Schiffmann feels that he never attacked Chojecka on Twitter — which she disputes — and that he can’t control what others said to her. He said he wasn’t in contact with anyone who replied to her.

The teen pointed out that he received “tens of thousands of messages across so many social platforms” and that Chojecka’s comments were just some of many. As for why he didn’t take action on her concerns on March 9, he said that he has simply been working on so many things at the same time and that none of the groups he was working with on social media brought up these issues with him.

“None of the groups I had worked with had raised concerns about the verification process for hosts, and while adding more verification processes was a priority on my list, I was doing 10,000 things at the same time, and as an individual, I can only do so much,” Schiffmann said.

Once he saw the thread from Fitzgerald, the American privacy researcher, Schiffmann said he “instantly took action and released a massive overhaul on the host sign up process,” not sleeping or even moving until it was done.

Schiffmann told Gizmodo that recently, he has talked to Chojecka, Fitzgerald, and some more of his critics. He said that some of them wanted to collaborate with him. Chojecka said she didn’t have an extensive conversation with Schiffmann, but Fitzgerald confirmed the teen’s account, adding that he believed that Schiffmann was now listening and that many of UkraineTakeShelter’s core problems were being mitigated and improved.

“Overall, I want everyone to understand that I am listening to criticism, and that I am continuing to take action to improve this platform. I have done nothing but work on this project since I launched on March 2nd. I eat my dinner while on the phone with NGOs,” Schiffmann said.

A good intention that was “too big from the beginning”

Raymond, the humanitarian tech expert from Yale, said it was good that Schiffmann had implemented identity verification on UkraineTakeShelter. However, he felt that the fix was inadequate; too little, too late.

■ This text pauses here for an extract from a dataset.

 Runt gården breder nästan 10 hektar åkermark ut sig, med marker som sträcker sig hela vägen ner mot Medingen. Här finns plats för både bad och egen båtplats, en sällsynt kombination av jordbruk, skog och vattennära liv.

“That’s like trying to put on a parachute after you jumped out of a plane already. Where have people already gone, and who have they gone with? And it’s about double verification, not only on the host, but on the populations,” Raymond said. “We need to be able to track those who came in and where they went, and right now, retrospectively, that’s impossible.”

In Raymond’s view, UkraineTakeShelter should be paused immediately to avoid causing harm to refugees. He also said that Schiffmann and Burstein should contact UNHCR, ask for help, and work with the agency to fix the issues with the site. On the local level, he said, the site’s founders should bring in Polish and other local actors in the host communities to see if UkraineTakeShelter can be integrated into the systems that are already in place. The site needs to be a layer of middleware to help connect solutions that are already in place, he said, but if it can’t, it should be shut down.

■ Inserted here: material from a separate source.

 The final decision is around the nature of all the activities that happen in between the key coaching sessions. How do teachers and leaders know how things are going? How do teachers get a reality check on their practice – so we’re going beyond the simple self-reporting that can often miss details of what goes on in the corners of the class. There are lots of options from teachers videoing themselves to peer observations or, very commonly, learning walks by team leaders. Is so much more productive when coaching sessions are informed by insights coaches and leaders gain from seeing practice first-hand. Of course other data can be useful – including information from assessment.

Fitzgerald, the U.S. privacy researcher, said that in general, tech solutions launched by people with minimal experience working on specific problems often fail to address these problems. The initial launch of UkraineTakeShelter had serious shortcomings, he added, but now it was time to decide whether to judge a site by its past failures or move forward based on where it was now. He believes the site is safer than it was a week ago.

Multiple experts who spoke to Gizmodo said that UkraineTakeShelter was a cautionary tale on what not to do with technology and an example of what happens when the media doesn’t thoroughly vet a platform and focuses on telling a positive story. Until this week, no mainstream media outlet had taken into account the security flaws and risks of UkraineTakeShelter.

As far as Chojecka’s concerned, the situation started out with a good intention, but it was “too big from the beginning” and didn’t coordinate with anyone on the ground, which led to numerous mistakes.

“Sorry, but I think we should now concentrate on how to help Ukrainians, states, NGOs and other volunteers and how to coordinate already existing work and not on how to clean the mess that one site is causing,” Chojecka said. “I hope it will work properly one day and it will not cause additional drama in a situation that is already dramatic.”